_PROBLEM TO SOLVE:_
Every line between the one containing "From Seiko’s Essentials" and the last line of the data, both included, is to be set down exactly, and pictures are to be omitted.

── DATASET SECTION

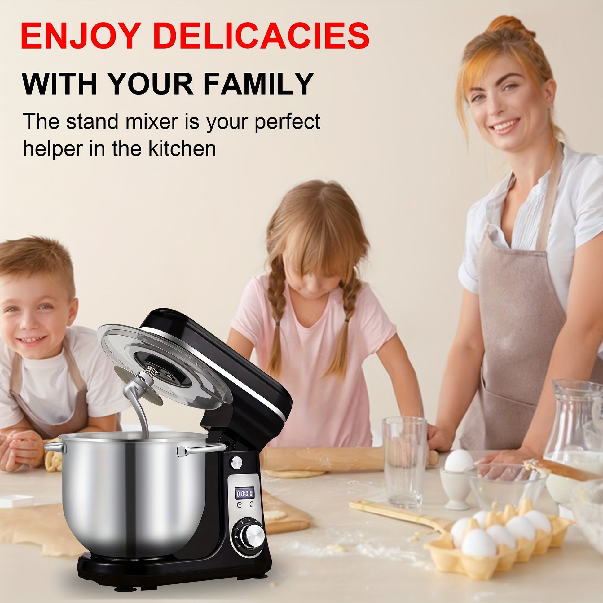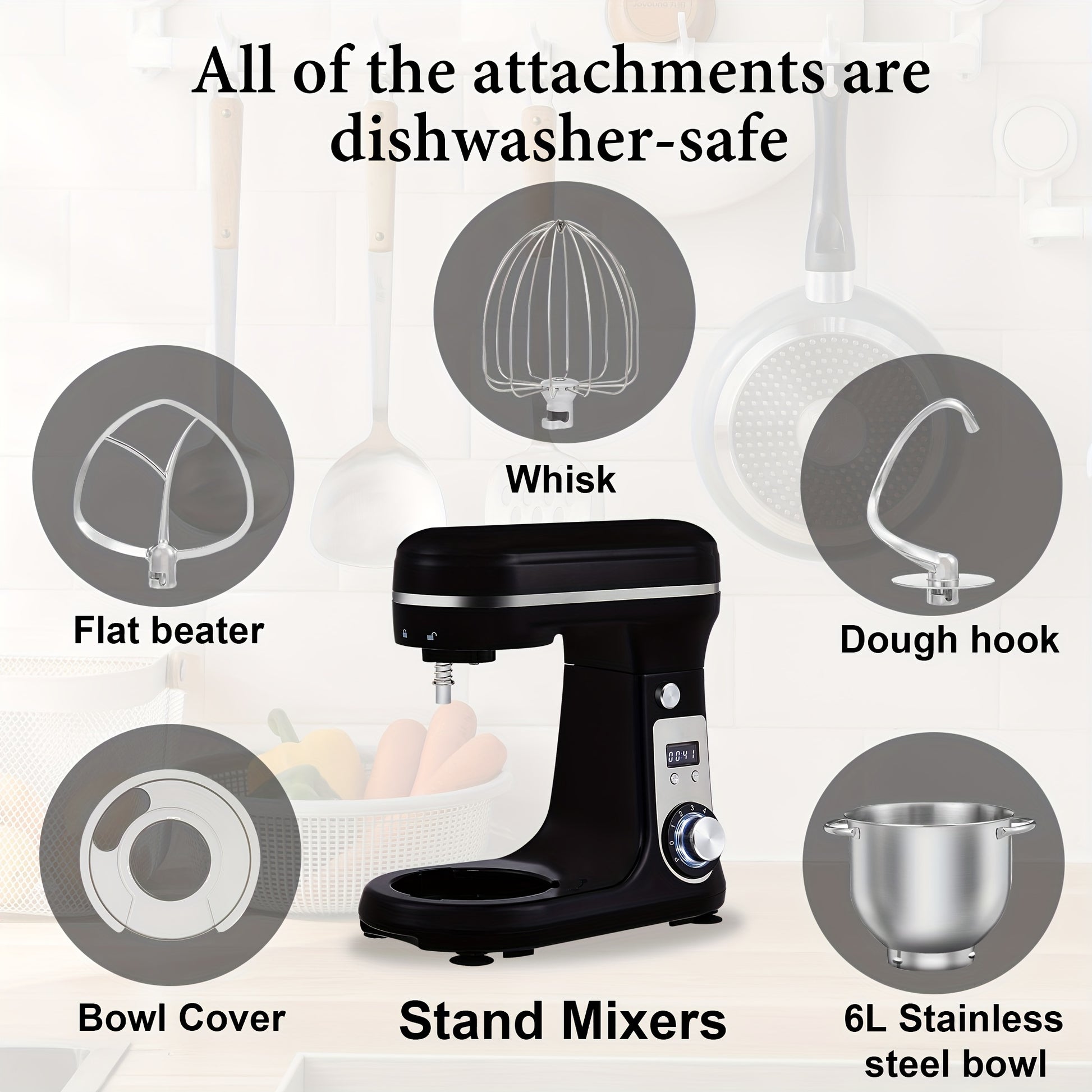 - Incluye batidor, gancho de amasar y mezclador plano.
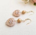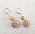 アンティークな雰囲気が漂うピンクのハート型のチェコビーズに、マットゴールドのビーズを合わせた上品なピアスです。
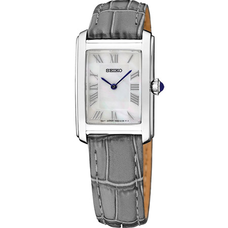 From Seiko’s Essentials collection, this watch is a contemporary classic, beautifully proportioned for a streamlined feel with a white mother of pearl Roman numeral dial, blue hands, and a blue cabochon crown. The watch has a sleek rectangular 22.2mm stainless-steel case and soft blue-gray calf leather strap for comfort and style.
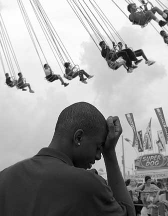 This image definitely wanted to be in B&W. If running a Midway ride for 12 hours a day isn’tExcedrin Headache #12, I don’t know what is. The shiny earring draws ones eye because it floats in a large area of dark skin and a dark shirt. Theflyersoverhead seem to part of this young man’s bad day, and the people waiting in line complete the gestalt. Maybe there isn’t an enigma in this frame after all. Just a headache.

────

_OUTPUT BELOW:_
 From Seiko’s Essentials collection, this watch is a contemporary classic, beautifully proportioned for a streamlined feel with a white mother of pearl Roman numeral dial, blue hands, and a blue cabochon crown. The watch has a sleek rectangular 22.2mm stainless-steel case and soft blue-gray calf leather strap for comfort and style.
 This image definitely wanted to be in B&W. If running a Midway ride for 12 hours a day isn’tExcedrin Headache #12, I don’t know what is. The shiny earring draws ones eye because it floats in a large area of dark skin and a dark shirt. Theflyersoverhead seem to part of this young man’s bad day, and the people waiting in line complete the gestalt. Maybe there isn’t an enigma in this frame after all. Just a headache.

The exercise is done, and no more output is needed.